Maximum likelihood phylogenies were inferred based on chloroplast
and nuclear loci, sequenced for 71 species of Alocasia plus 25
outgroup species from 16 genera. Bayesian divergence dating of the
nuclear phylogeny relied on one fossil constraint and ancestral
areas were reconstructed using parsimony- and likelihood-based
methods. The Araceae diverged from the remaining Alismatales in the
Early Cretaceous (ca. 135 Ma ago), and all eight subfamilies
originated before the Cenozoic. The earliest lineages are inferred
to have occurred in Laurasia (based on fossils and tree topology),
and most lineages reached Africa, South America, Southeast Asia,
and Australia during the Paleogene and Neogene. Many clades
experienced extinction in the temperate regions of the northern
hemisphere during the Oligocene climate cooling. Two continentally
disjunct genera (Nephthytis and Philodendron) are polyphyletic and
need taxonomic rearrangement. Plastid substitution rates are
exceptionally high in free-floating and water-associated Araceae.

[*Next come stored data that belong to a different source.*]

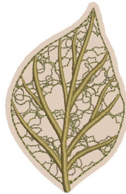
FS367_48 Free Standing Appliqué Aspen Leaf 1.93 X 3.16 in. 49.02 X 80.26 mm 4,383 St. ❄️
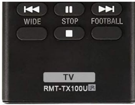
Image: The remote control being held, demonstrating its use with a Sony Bravia TV.
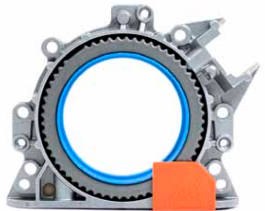
Fig. 1_Integrated radial oil seal

With kind regards Your VICTOR REINZ Service Team
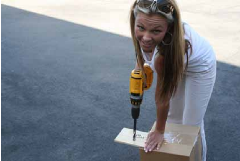
Drilling the Backing Plate

Use a 5/8 in drill bit, to drill through the backing plate. Dry fit each plate to make sure that they will fit after drilling.
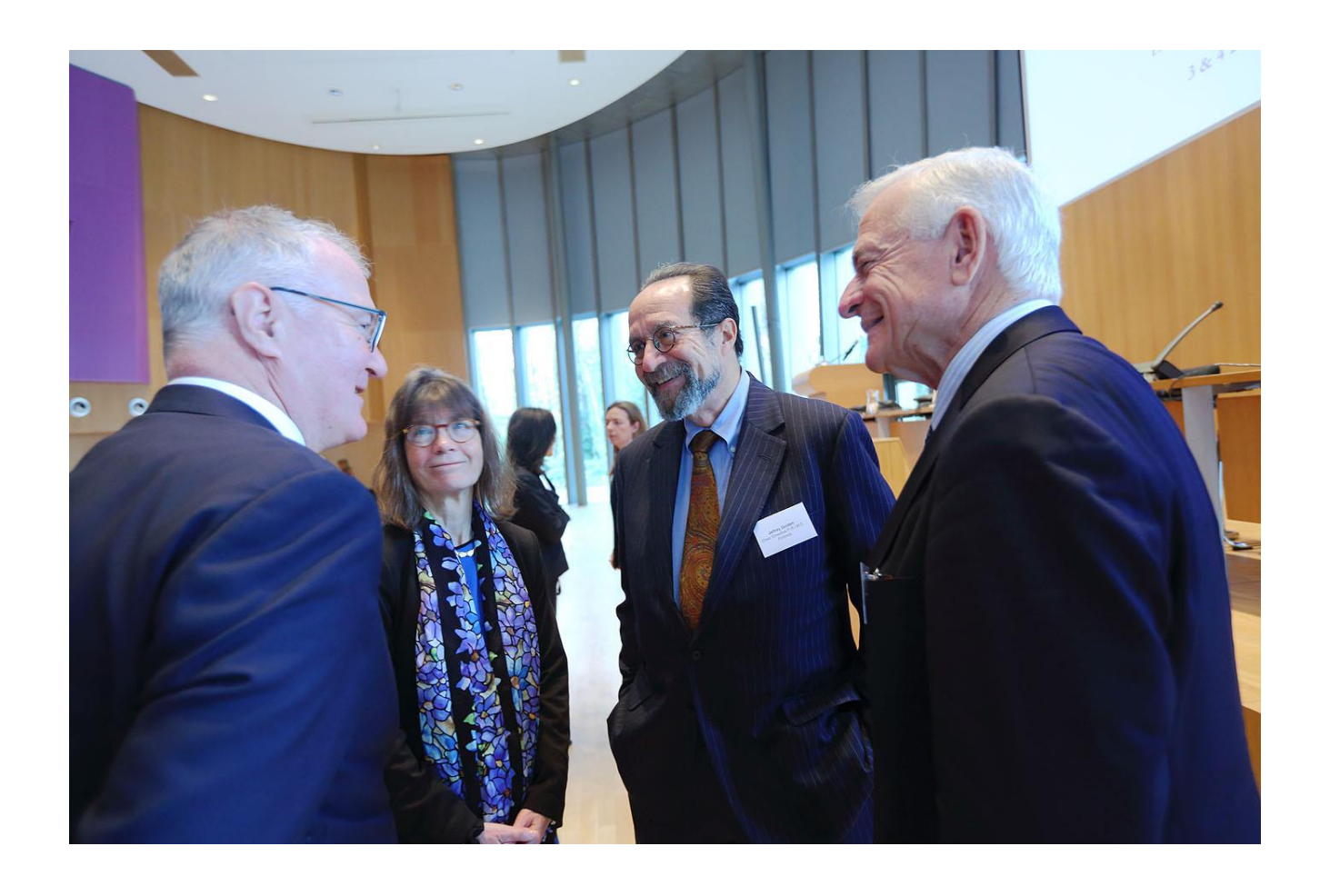
Agenda subject to change.
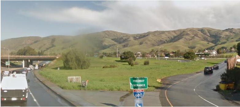
Eastbound SR-262 at the I-680 southbound on-ramp.
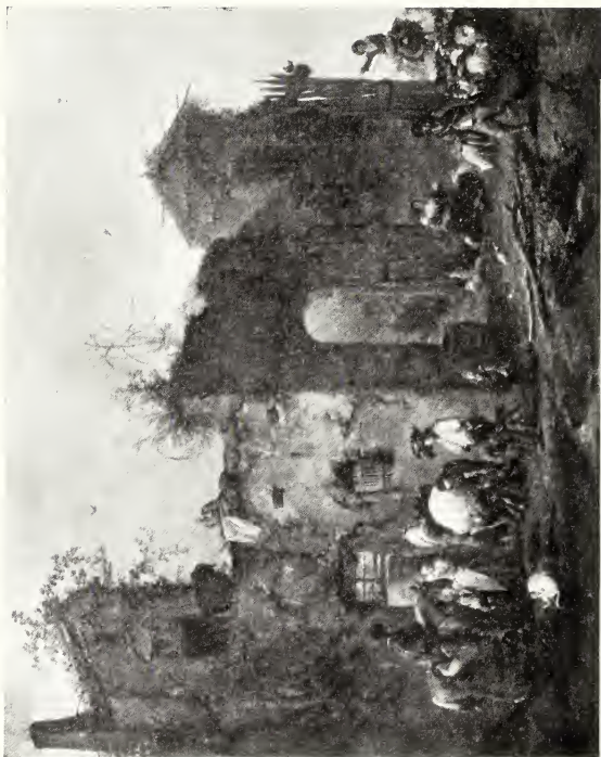
FARMYARD WITH SMITHY ( Dulwich Gallery )
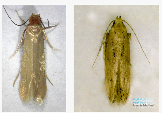
The webbing clothes moth on the left and the Angoumois grain moth on the right are both light-colored moths that are similar in size, yet their diets are very different. This example shows the value in a correct identification.

It is rare to find the source of your insects this quickly but it sure was a good reminder to always Start with the insect first.
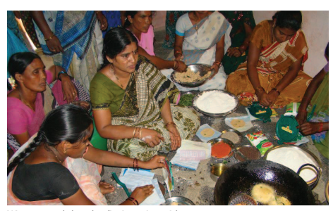
Women training in flatbread making

The women are currently selling their produce at the Saturday and Sunday markets in Kamalapuram Town and Yerraguntla Town, which are just 3kms away from their villages. The towns are the central points where the surrounding town and
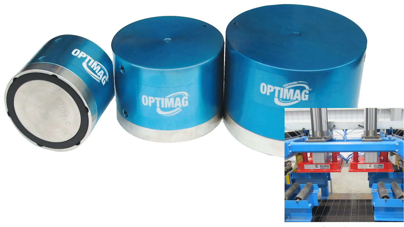
Rectangular Optimag P

Pneumatically switched permanent magnetic lifter
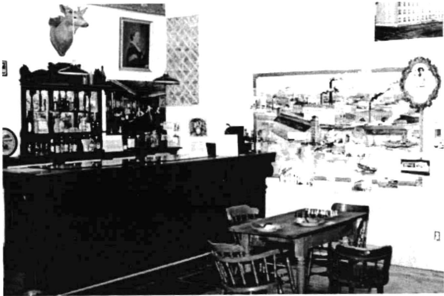
A turn-of-the-century saloon in the 1998 OWAHC exhibition "Booze: Work, Pleasure, and Controversy."

the chance to contribute to a catalogue or handout, but the space is limited, and the prose must be sparse. They are exhorted not to write out their books on the wall, since visitors to heritage installations have little tolerance for excessive wordiness. 60 Most of their written contributions to public history are short paragraphs mounted on text panels alongside or embedded within a display. Far more of their analysis must be communicated visually (or perhaps orally) through the selection and presentation of artifacts, the arrangement of space within the exhibition, and the use of lighting and sound. Museum installations are also increasingly interactive, involving hands-on contact with displays and access to CD-ROMs, interactive videos, and motion-activated lighting and sound. Historians' expertise rarely extends to these media. As an American museum administrator has suggested, "an exhibition or a historic site is much more than the written text of labels and conveys much more complex information through spatial relationships, visual images, real things, and social interactions in a three-dimensional environment that is social, multisensory, and largely self-directed." 61

Ancestral area reconstructions obtained when fossil (no longer
occupied) ranges where included in the analyses were more plausible
than those without fossil ranges. This is not a trivial result
because only in a quantitative (computer-based) analysis is it
possible for fossil ranges to influence results (here areas) at
distant nodes in the phylogenetic tree. The nuclear and plastid
phylogenies of Alocasia revealed the polyphyly of the two genera
Alocasia and Colocasia; to achieve monophyly, two species (Alocasia
hypnosa and Colocasia gigantea) have to be moved to other genera.
There were strong incongruencies between phylogenies from the two
partitions: The chloroplast data reflect geographical proximity, the
nuclear morphological similarity. This may indicate hybridization
events followed by chloroplast capture. Based on the nuclear tree,
Alocasia split from its sister group by the end of the Oligocene
(ca. 24 Ma) and colonized the Malay Archipelago from the Asian
mainland. Borneo played a central role, with 11–13 of 18–19
inferred dispersal events originating there. The Philippines were
reached from Borneo 4–5 times in the late Miocene and early
Pliocene, and the Asian mainland 6–7 times during the Pliocene. The
geographic origin of two domesticated species could be resolved:
Giant taro originated on the Philippines and Chinese taro on the
Asian mainland.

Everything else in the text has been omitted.